Calculate your ideal body weight with Devine, Robinson, Miller, and Hamwi formulas plus the healthy BMI range — shown side by side in kilograms and pounds.

Ideal weight inputs

This calculator is for informational purposes only and is not a substitute for professional medical advice. Consult a qualified healthcare provider before making changes to your diet, exercise, or health regimen.

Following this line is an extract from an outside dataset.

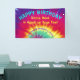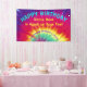 Tie Dye Banner Personalised for Birthday Banner or ANY Occasion. Type in the birthday girls Name, Age, Birthday Message or Delete. Click "Customise further" to CHANGE "Happy Birthday" Banner Message to Your Text. CALL Designer Linda: 239-949-9090 to make Design or Product CHANGES for you at no extra cost.

What is ideal body weight?

Ideal body weight (IBW) is a reference weight for a given height and sex, produced by one of several historical formulas published between 1964 and 1983. None of the formulas were designed as a fitness or beauty target — they were built for clinicians who needed a reasonable weight estimate to calculate drug doses. Because they are simple and sex-specific they drifted into popular use as a rough weight goal. Read them as "a sensible neighbourhood" rather than "the exact right number".

This calculator shows all four classic formulas — Devine, Robinson, Miller, Hamwi — plus the average and the healthy weight range derived from BMI. Together they give you a window of plausible targets rather than pretending there is one correct answer.

How this calculator works

All four formulas share the same structure: a base weight at 5 ft (60 in) of height plus a per-inch increment for every additional inch. They differ only in the base and the increment.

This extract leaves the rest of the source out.